Dynamically Reacting To Model Output

Another way to improve on our initial query, is to implement a more dynamic prompt, where we can react to the model's output. For example, we could ask the model to provide a more detailed analysis of the review, depending on the model's classification:

argmax
   review = """We had a great stay. Hiking in the mountains 
               was fabulous and the food is really good."""
   """Review: {review}
   Q: What is the underlying sentiment of this review and why?
   A:[ANALYSIS]""" where not "\n" in ANALYSIS
   
   "Based on this, the overall sentiment of the message can be considered to be[CLS]" where CLS in [" positive", " neutral", " negative"]
   
   if CLS == " positive":
      "What is it that they liked about their stay? [FURTHER_ANALYSIS]"
   elif CLS == " neutral":
      "What is it that could have been improved? [FURTHER_ANALYSIS]"
   elif CLS == " negative":
      "What is it that they did not like about their stay? [FURTHER_ANALYSIS]"
where
   STOPS_AT(FURTHER_ANALYSIS, ".")
promptdown

Model Output

Review: We had a great stay. Hiking in the mountains was fabulous and the food is really good. Q: What is the underlying sentiment of this review and why? A: ANALYSISThe underlying sentiment of this review is positive because the reviewer had a great stay, enjoyed the hiking and found the food to be good. Based on this, the overall sentiment of the message can be considered to be CLASSIFICATIONpositive What is it that they liked about their stay? FURTHER_ANALYSISThe reviewer liked the hiking in the mountains and the food.

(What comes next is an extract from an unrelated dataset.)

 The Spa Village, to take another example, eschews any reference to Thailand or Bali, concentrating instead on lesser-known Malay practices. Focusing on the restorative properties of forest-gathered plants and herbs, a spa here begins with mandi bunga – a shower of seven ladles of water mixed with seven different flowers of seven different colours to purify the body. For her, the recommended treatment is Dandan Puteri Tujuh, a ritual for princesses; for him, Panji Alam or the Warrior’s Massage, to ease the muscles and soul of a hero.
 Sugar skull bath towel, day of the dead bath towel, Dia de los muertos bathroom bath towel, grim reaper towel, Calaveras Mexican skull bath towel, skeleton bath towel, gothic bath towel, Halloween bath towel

As shown here, we can use the if statement to dynamically react to the model's output. In this case, we ask the model to provide a more detailed analysis of the review, depending on the overall positive, neutral, or negative sentiment of the review. All intermediate variables like ANALYSIS, CLASSIFICATION or FURTHER_ANALYSIS can be considered the output of query, and may be processed by an surrounding automated system.

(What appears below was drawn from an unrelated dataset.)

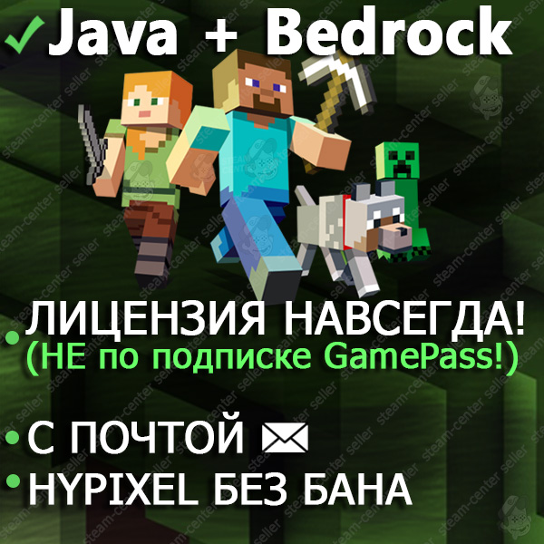 • Аккаунт от "Minecraft Java Edition + Bedrock Edition" (логин:пароль)

To learn more about the capabilities of such control-flow-guided prompts, see Scripted Prompting.

As shown here, in addition to inline where expressions as seen earlier, you can also provide a global where expression at the end of your program, e.g. to specify constraints that should apply for all variables. Depending on your use case, this can be a convenient way to avoid having to repeat the same constraints multiple times, like for FURTHER_ANALYSIS in this example.